If you aren’t sure how much you should be eating, in the FASTer Way, we determine your macro goals in week 2. I recommend my newly postpartum clients select ONE activity level higher than what they identify with. So if you are “active” with 3-5 workouts a week, select “very active” to account for extra calories required by the demands of breastfeeding.

Over exercising will effect your supply. Creating too much of a macro/caloric deficit will effect your supply. You only need 20-40 minutes of exercise 3-5x a week to see results. Don’t overdo it if you want to see change.

Carb Cycling while Breastfeeding

When it comes to the FASTer Way To Fat Loss, we are not a low carb program but we do eat low carb 2 days a week intentionally paired with HIIT workouts to maximize our bodies fat burning potential! While most of my clients consume 50 net grams of carbohydrates, my clients who are nursing should aim for 100 net which is your total carbohydrates minus fiber. If you feel like garbage on 100 net then clients may bump up to 125 or 150, especially if they are very newly postpartum.

Macro Tracking

Macro tracking can be difficult for many clients who have new babies. For clients who don’t want to stress about this, they may opt to just follow the meal plan exclusively which is easy to do in our app and then will just add in a 200-300 calorie snack to hit their macro goals.

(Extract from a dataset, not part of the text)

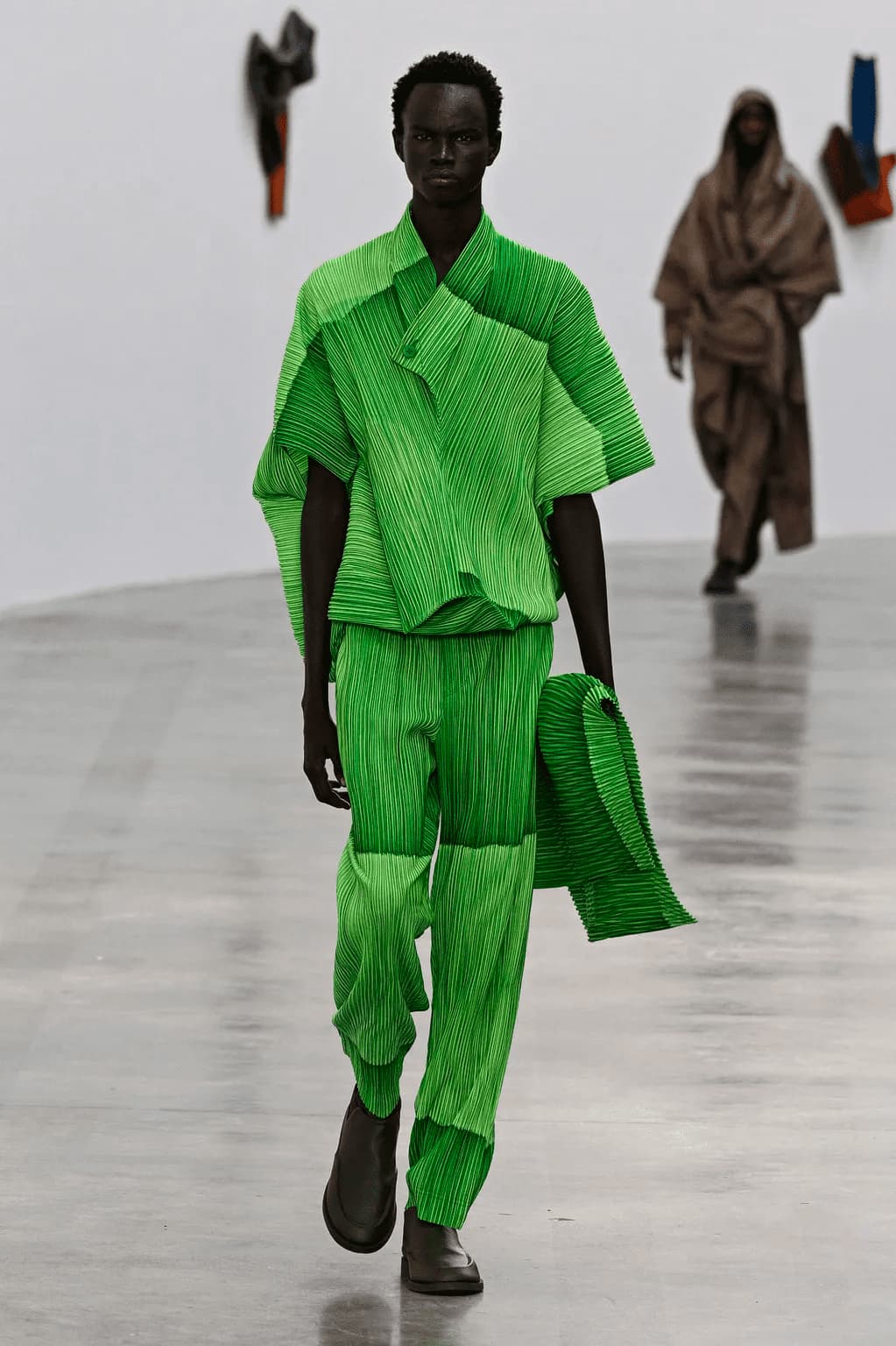 On the contrary, brands like Auralee, Wales Bonner, Louis Gabriel Nouchi and Lemaire laid low by giving us a series of reimagined basics. At the same time, the tie was waving the flag of preppiness once again. The Issey Miyake team took advantage of the moment and turned simplicity into moving art. With the help of artist Ronan Bouroullec they proved that clothes are a canvas of personality. One of the most surprising moments of the week was Dries Van Noten who focused on simplicity, turning it into fashion quite successfully. Having in mind the unexpected, Van Noten proved once again how beautifully he can play with colour while adding a touch of sensuality to masculinity, which seems to be flowing over every gender.
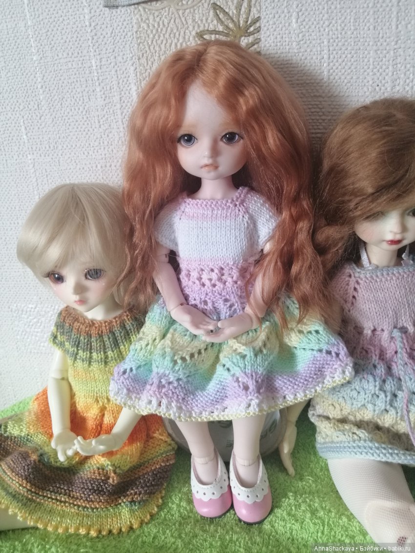 В ней очень красивые вязаные вещи от Татьяны Сорокиной (большое ей спасибо за них). Они конечно были связаны на паолку, но все мои куколки захотели примерить их так что покажемся.Сорри за темные фото, очень хотелось показаться.

“Why am I not losing weight?”

Many women expect the weight to just fall off after the baby is born, especially if they are nursing. Many of us do not experience this magical disappearing act. Things that effect your body’s ability to lose weight include sleep and stress. New moms should be aware that they may not be able to lose weight if they are not sleeping enough or overly stressed. You can thank your hormones for that one! Similarly breastfeeding does have an effect on hormones as well so some people struggle with the last bit of weight until they completely wean their child.

Take a deep breath, enjoy the baby snuggles. There will be a time where you can put yourself first. The time might be now if you have good help but if you don’t, focus on progress not perfection and avoid weighing yourself! Focus on how your clothes fit, your energy levels and cravings! You got this.

If you are pregnant, many of these modifications work as well!